WORK INSTRUCTIONS. Copy word for word the lines in the records below, starting at the line with "In 1987, a massive" and ending at the line with "Квартира-студия площадью на". Skip the pictures.

PROVIDED DATA.
● ● ● ● ●

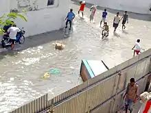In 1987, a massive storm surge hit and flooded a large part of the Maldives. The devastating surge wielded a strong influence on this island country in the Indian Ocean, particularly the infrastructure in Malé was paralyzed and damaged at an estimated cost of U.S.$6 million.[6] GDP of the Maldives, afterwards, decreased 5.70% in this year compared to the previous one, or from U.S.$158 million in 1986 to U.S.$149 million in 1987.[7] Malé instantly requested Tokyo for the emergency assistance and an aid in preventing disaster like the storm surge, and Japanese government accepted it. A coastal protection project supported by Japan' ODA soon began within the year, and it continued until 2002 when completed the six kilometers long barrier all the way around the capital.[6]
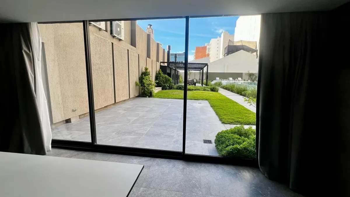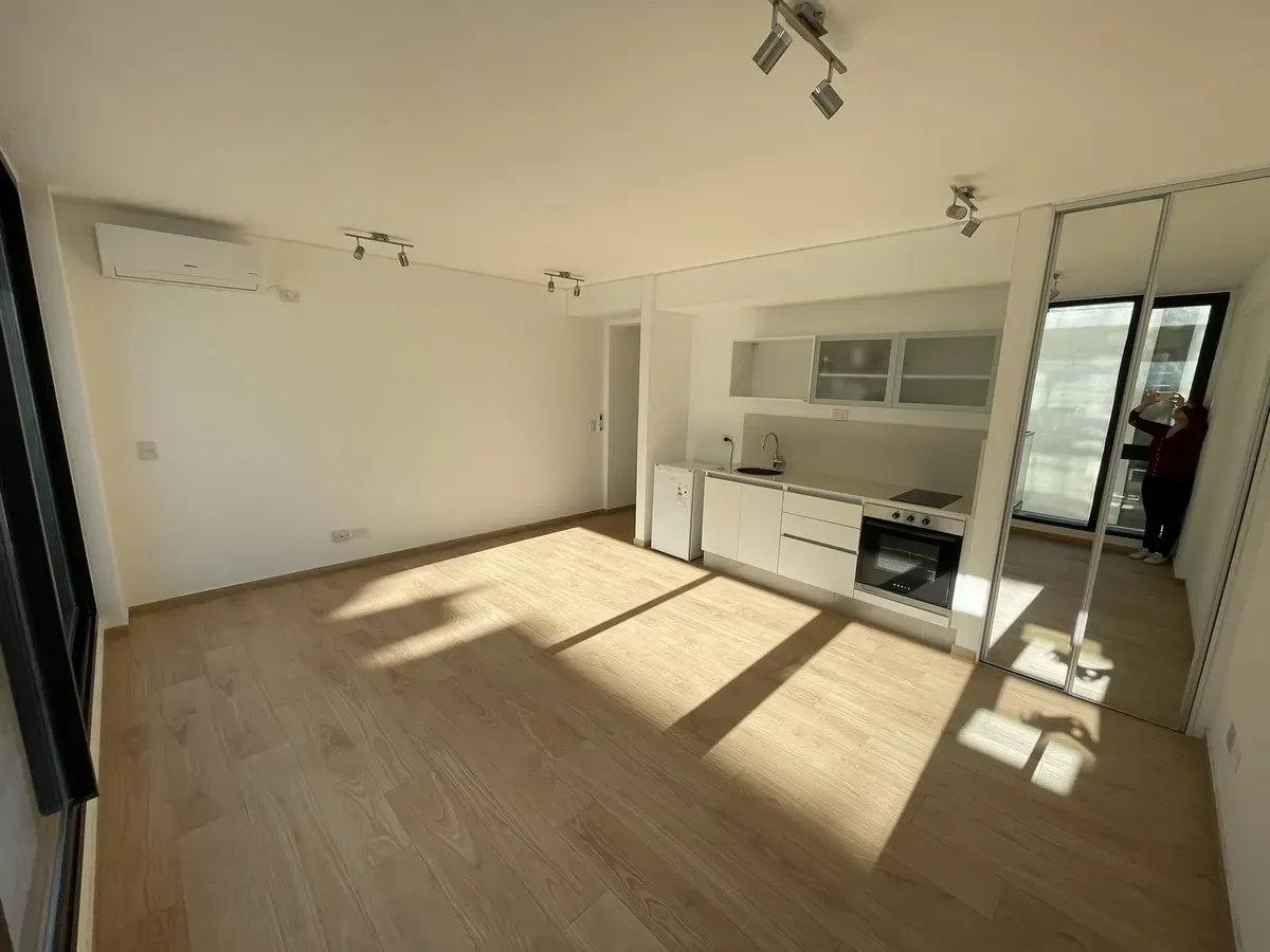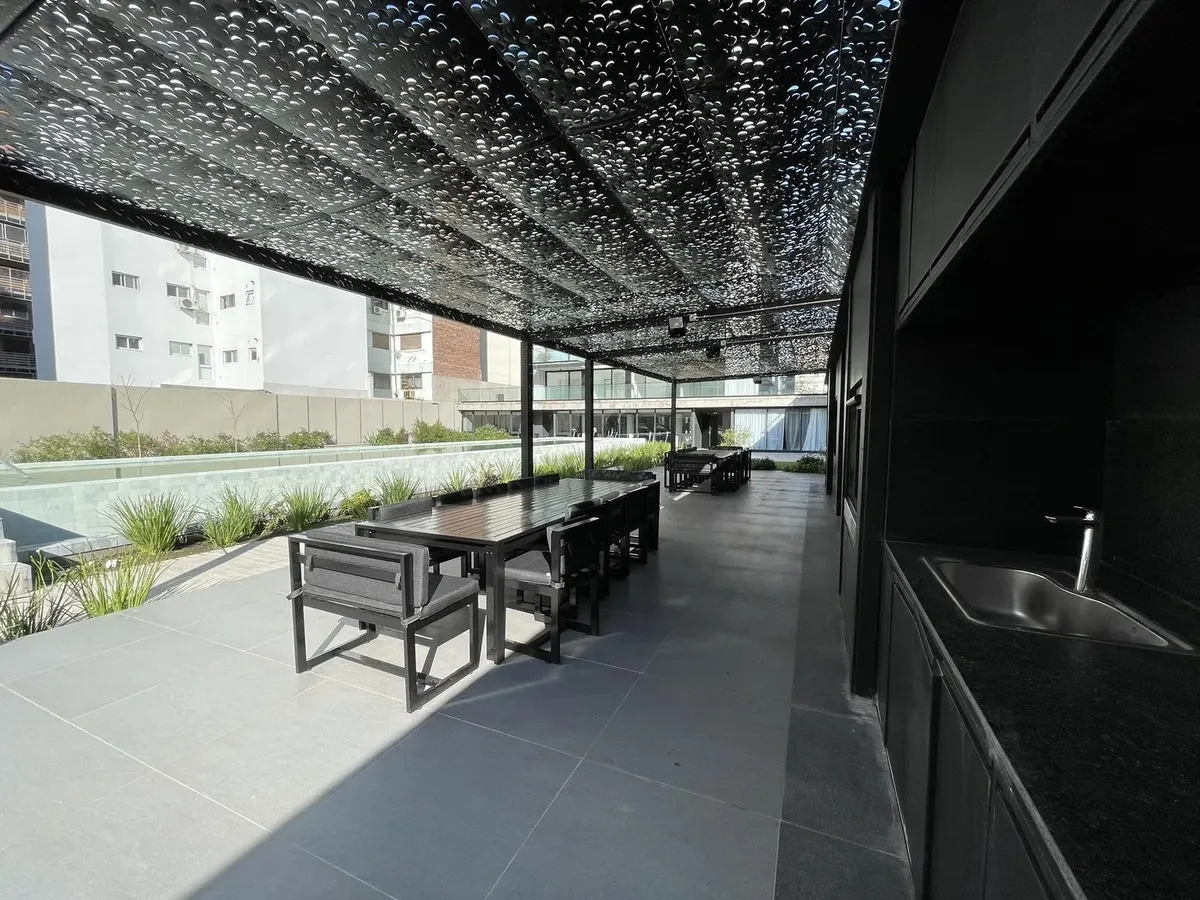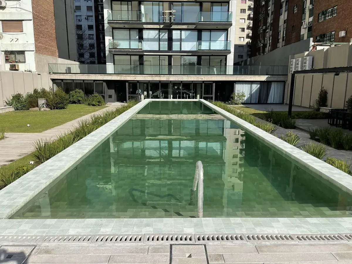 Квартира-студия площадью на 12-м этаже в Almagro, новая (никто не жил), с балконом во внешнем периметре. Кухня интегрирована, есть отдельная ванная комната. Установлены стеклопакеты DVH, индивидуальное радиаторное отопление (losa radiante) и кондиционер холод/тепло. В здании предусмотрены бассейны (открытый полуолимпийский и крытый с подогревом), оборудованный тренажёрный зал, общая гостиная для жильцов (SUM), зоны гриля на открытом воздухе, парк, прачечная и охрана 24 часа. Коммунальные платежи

● ● ● ● ●

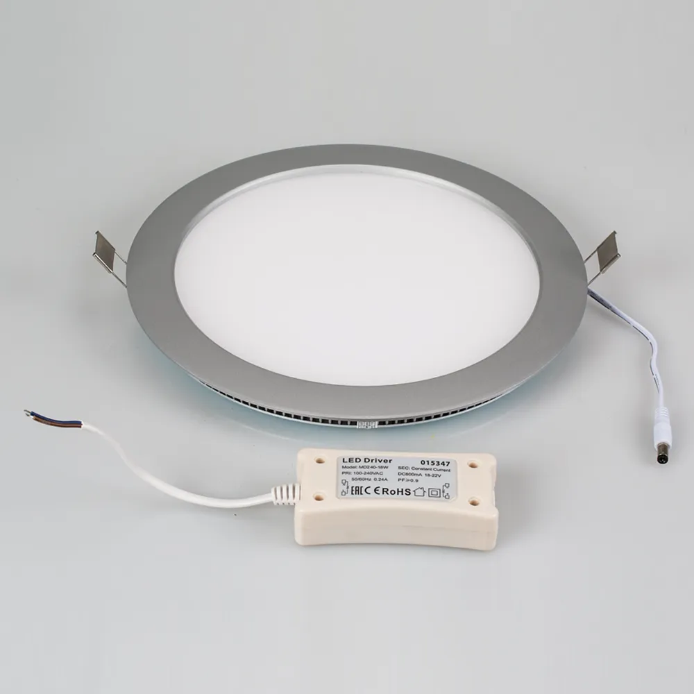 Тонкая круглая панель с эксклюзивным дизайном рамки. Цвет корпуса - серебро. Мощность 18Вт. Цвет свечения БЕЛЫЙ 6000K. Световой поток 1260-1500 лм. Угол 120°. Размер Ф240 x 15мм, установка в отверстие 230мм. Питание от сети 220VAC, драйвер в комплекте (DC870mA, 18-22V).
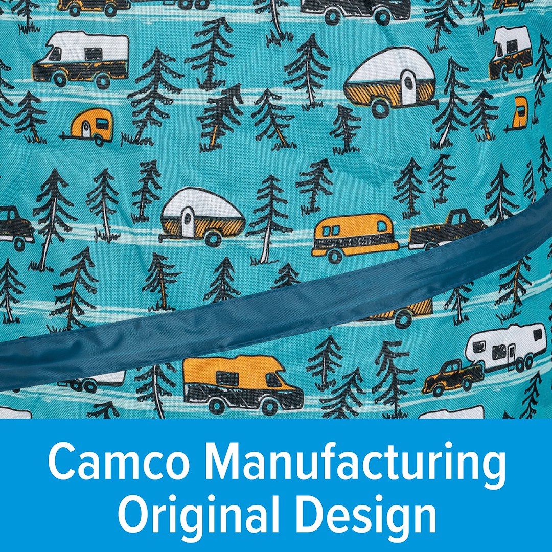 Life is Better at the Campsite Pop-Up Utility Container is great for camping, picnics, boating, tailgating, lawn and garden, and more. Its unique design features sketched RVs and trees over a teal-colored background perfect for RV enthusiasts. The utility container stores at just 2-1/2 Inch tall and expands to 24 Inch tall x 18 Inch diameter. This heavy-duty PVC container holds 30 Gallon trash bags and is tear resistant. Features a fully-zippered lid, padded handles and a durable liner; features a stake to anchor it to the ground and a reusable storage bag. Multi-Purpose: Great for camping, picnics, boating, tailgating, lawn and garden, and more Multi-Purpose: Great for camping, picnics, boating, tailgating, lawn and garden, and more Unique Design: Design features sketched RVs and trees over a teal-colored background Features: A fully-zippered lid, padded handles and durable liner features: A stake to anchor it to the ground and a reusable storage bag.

● ● ● ● ●

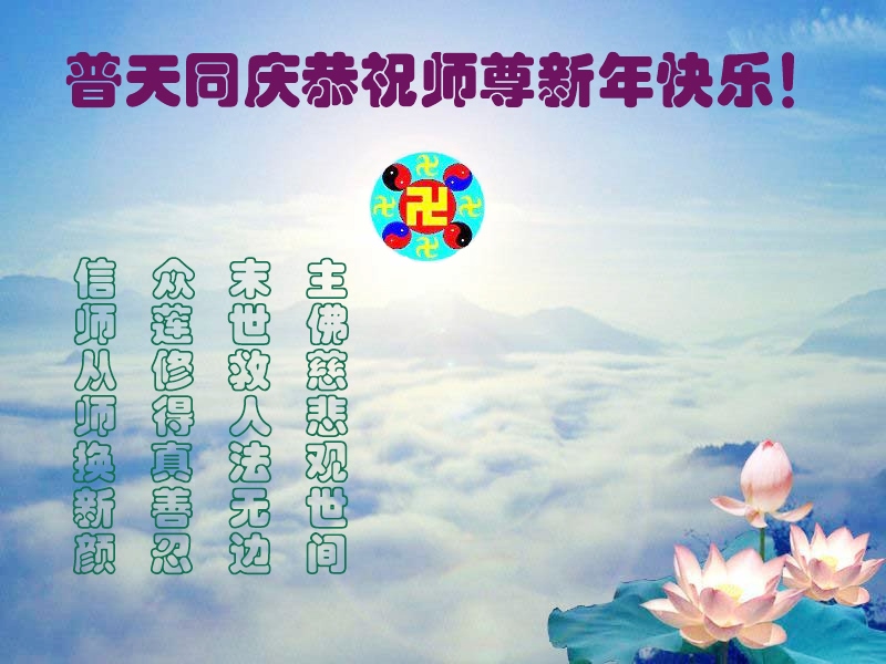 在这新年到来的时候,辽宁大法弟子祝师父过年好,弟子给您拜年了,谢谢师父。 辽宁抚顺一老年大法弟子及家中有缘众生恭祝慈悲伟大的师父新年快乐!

● ● ● ● ●

ANSWER TO THE PROBLEM.
In 1987, a massive storm surge hit and flooded a large part of the Maldives. The devastating surge wielded a strong influence on this island country in the Indian Ocean, particularly the infrastructure in Malé was paralyzed and damaged at an estimated cost of U.S.$6 million.[6] GDP of the Maldives, afterwards, decreased 5.70% in this year compared to the previous one, or from U.S.$158 million in 1986 to U.S.$149 million in 1987.[7] Malé instantly requested Tokyo for the emergency assistance and an aid in preventing disaster like the storm surge, and Japanese government accepted it. A coastal protection project supported by Japan' ODA soon began within the year, and it continued until 2002 when completed the six kilometers long barrier all the way around the capital.[6]
 Квартира-студия площадью на 12-м этаже в Almagro, новая (никто не жил), с балконом во внешнем периметре. Кухня интегрирована, есть отдельная ванная комната. Установлены стеклопакеты DVH, индивидуальное радиаторное отопление (losa radiante) и кондиционер холод/тепло. В здании предусмотрены бассейны (открытый полуолимпийский и крытый с подогревом), оборудованный тренажёрный зал, общая гостиная для жильцов (SUM), зоны гриля на открытом воздухе, парк, прачечная и охрана 24 часа. Коммунальные платежи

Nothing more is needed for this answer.